The biggest scandal in Australian sports history.
The Melbourne Storm is an Australian professional rugby league football club based in the city of Melbourne. They have competed in every season of the National Rugby League (NRL) Premiership since its inception in 1998.
The first fully professional rugby league team based in the Australian rules football dominated state of Victoria the Storm have played in the last fourNRL grand finals making them one of the league's top teams.
The club won the minor premiership three times in a row from 2006–2008 and contested each grand final from 2006 to 2009, winning in 2007 and 2009, although these titles were later stripped for salary cap breaches. They were named the NRL Team of the Decade for the 2000s.
Last week it all came unstuck by the largest corruption scandal to have hit Australian sport.
Following claims by a whistleblower that the club was keeping a second set of books, the NRL conducted an investigation early in 2010.
Initially denying the claims, on 22 April 2010 the Melbourne Storm eventually admitted to the NRL that the club had systematically circumvented the salary cap conditions for the last five seasons.
This included a breach of $400,000 in the 2009 season and a projected breach of $700,000 in the 2010 season.
The Storm admitted that a dual-contract system was run within the club, in which the NRL were not able to know of payments made to the players outside of the $4.2 million yearly cap.
As a club's compliance with the NRL salary cap is supported by statutory declarations, the club's owners have requested that fraud charges be laid against those responsible and has stated that any person who knew of the breach would be expelled from the club.
Storm executives had arranged for inflated invoices to be submitted to hide the payments to players. This involved submitting invoices of up to $20,000 above the real value of the services rendered with this amount paid directly to players by the third party suppliers although there is no suggestion that the suppliers were involved in submitting the inflated invoices.
As a result, NRL Chief Executive David Gallop announced that the Melbourne Storm would be stripped of their 2007 and 2009 premierships (which are currently not expected to be awarded to Manly and Parramatta, their opponents from the two respective grand finals), minor premierships from 2006, 2007 and 2008.
A $500,000 fine and was ordered to repay $1.1 million in prize money, which will be redistributed equally among the other 15 NRL clubs.
The eight premiership points the Melbourne Storm had already received in the season were deducted, and the club was barred from receiving premiership points for the rest of the season.

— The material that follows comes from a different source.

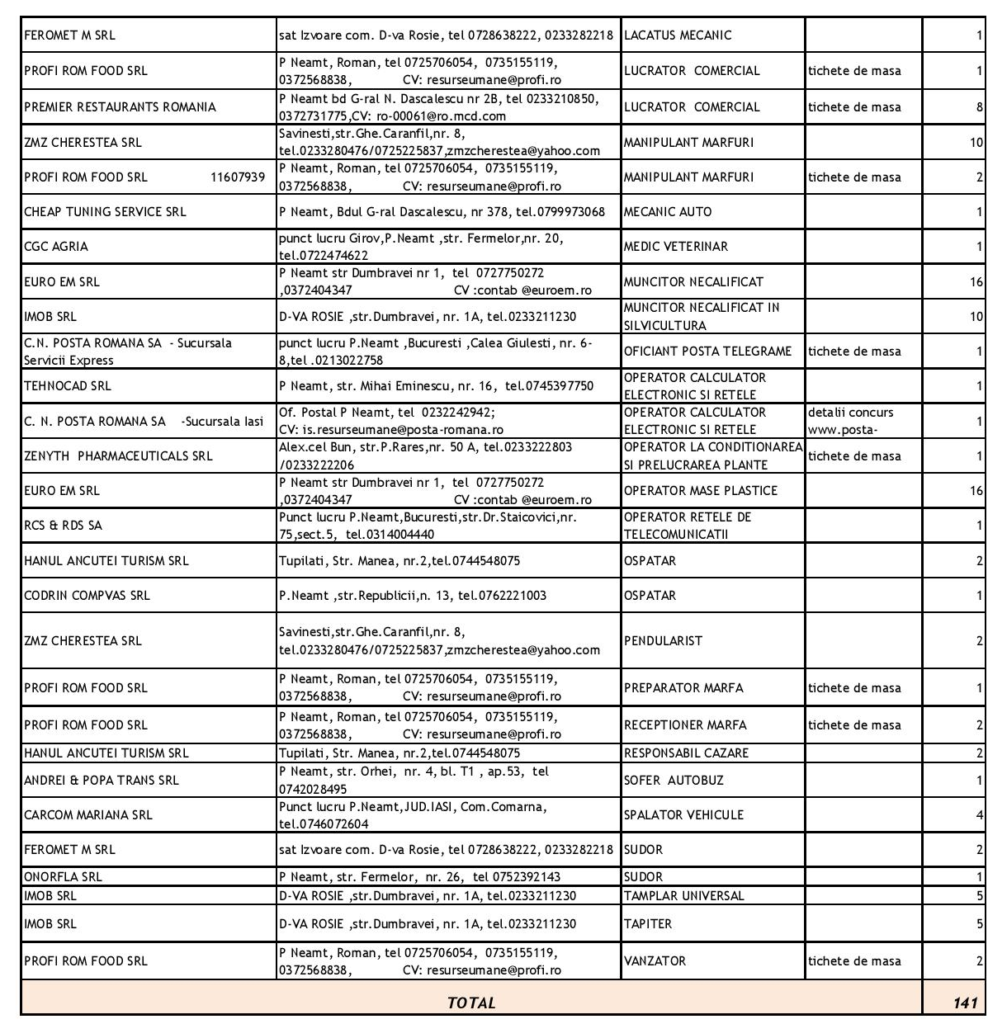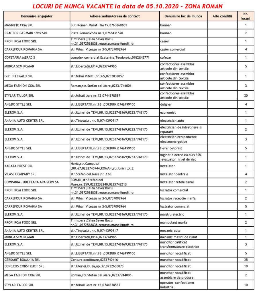 Noi locuri de muncă vacante în Piatra Neamț, Roman și Târgu Neamț – 3 octombrie

Storm are expected to meet the task of reducing salaries by $700,000 to meet the cap by the end of the season; failure to do so will result in the club being excluded in the 2011 Season of NRL.
Former CEO Brian Waldron (pictured), current chief executive and former financial officer Matt Hanson, and current financial officer Paul Gregory, are alleged to have been the main culprits behind the incident.
On 23 April 2010, Brian Waldron was asked by the Melbourne Rebels rugby union club to stand down from his position of chief executive of the club after just six weeks of taking over the expansion team entering the new Super 15 competition.
On the same day the NRL seized a secret dossier hidden in the home of acting chief executive Matt Hanson. The dossier contains letters of offer to four of Storms star players guaranteeing illegal payments in the form of goods from third parties.
For one player with a $400,000 contract lodged with the NRL, the letter of offer valued at an additional $550,000, contained a $20,000 gift voucher for a national retailer and a $30,000 boat. Other offers included a new car for a player’s partner and $30,000 in home renovations. The offers together amounted to $700,000 of which the four players had already received $400,000.
The news was referred to by The Melbourne Age newspaper as "The biggest scandal in Australian sports history".
Club supporters had mixed reactions and feelings towards the situation as the club was left with "dishonour and shame".
In 102 years of professional rugby league in Australia, no club had ever been stripped of a competition title.
Many fans dumped their jerseys and other memorabilia at the team's headquarters on hearing about the incident, and many others simply broke into tears; there was a feeling that former CEO Brian Waldron was to blame and not the players.
But amongst all of this one thing worked as it should have - the information market.
Betting agencies received an "old fashioned betting sting" as some punters found out about the salary cap allegations before they became common knowledge. The Storm were at $4.20 favourites to win the title at the time and $251 to win the wooden spoon.
TAB Sportsbet has claimed it will be due to pay out at least $500,000 before betting was suspended.